Keep in mind that we did not change anything such as hyper-parameters in your machine learning classifier.
2nd Experiment: Combine relation_with_head and marital_status features
# function to preprocess our data
def preprocessing_data(data):
# Convert the following numerical labels from integer to float
float_array = data[["household_size", "age_of_respondent", "year"]].values.astype(
float
)
# combine some cat features
data["features_combination"] = (data.relationship_with_head.astype(str) + "_"
+ data.marital_status.astype(str)
)
# remove individual features that are combined together
data = data.drop(['relationship_with_head','marital_status'], axis=1)
# categorical features to be converted by One Hot Encoding
categ = [
"features_combination",
"education_level",
"job_type",
"country",
]
# One Hot Encoding conversion
data = pd.get_dummies(data, prefix_sep="_", columns=categ)
# Label Encoder conversion
data["location_type"] = le.fit_transform(data["location_type"])
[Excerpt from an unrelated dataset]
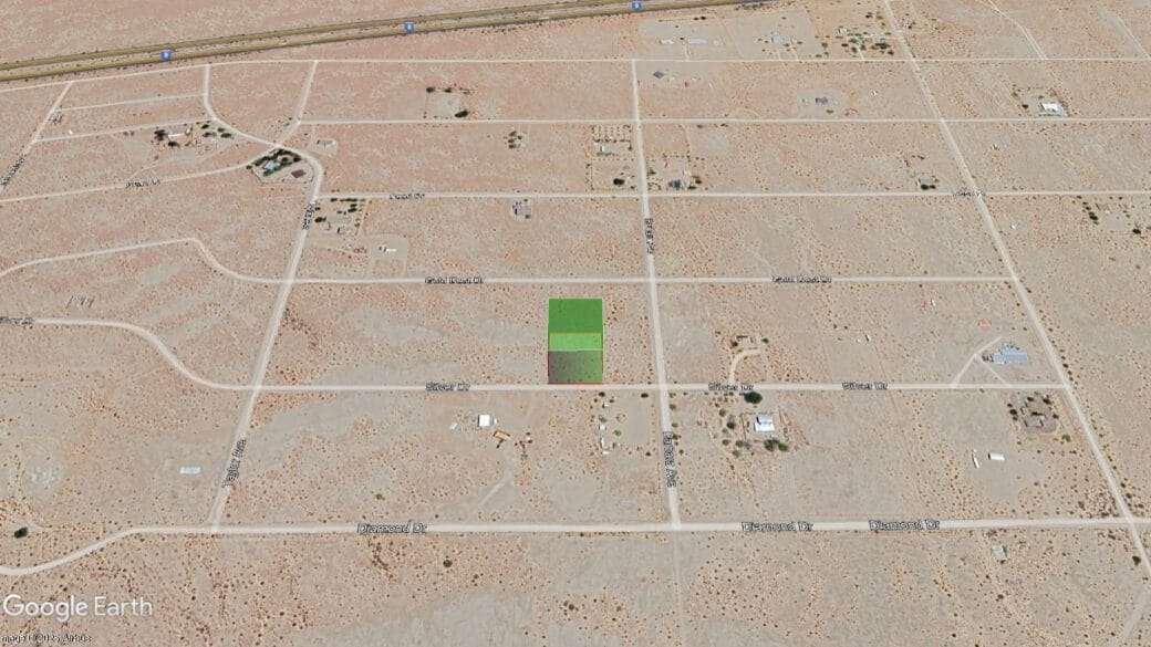 Getting here is simple. Just about 2 miles off maintained gravel roads, you’ll find yourself on Silver Drive, a dirt road lined with a few scattered homes and desert trees. The roads are level and easy to navigate giving you reliable access all year round.

data["cellphone_access"] = le.fit_transform(data["cellphone_access"])
data["gender_of_respondent"] = le.fit_transform(data["gender_of_respondent"])
# drop uniquid column
data = data.drop(["uniqueid"], axis=1)
# scale our data
scaler = StandardScaler()
data = scaler.fit_transform(data)
return data
- Combine relation_with_head and marital_status to create a new feature called “features_combination”.
- Remove individual features (relation_with_head and marital_status) from the dataset.
- Add a new feature called “feature_combination” in the list of categorical features to be converted by One Hot Encoding.
This shows that sometimes when you combine categorical features your machine learning model will not improve as you expected. Therefore you will need to run a lot of experiments until you get satisfactory performance from your machine learning model.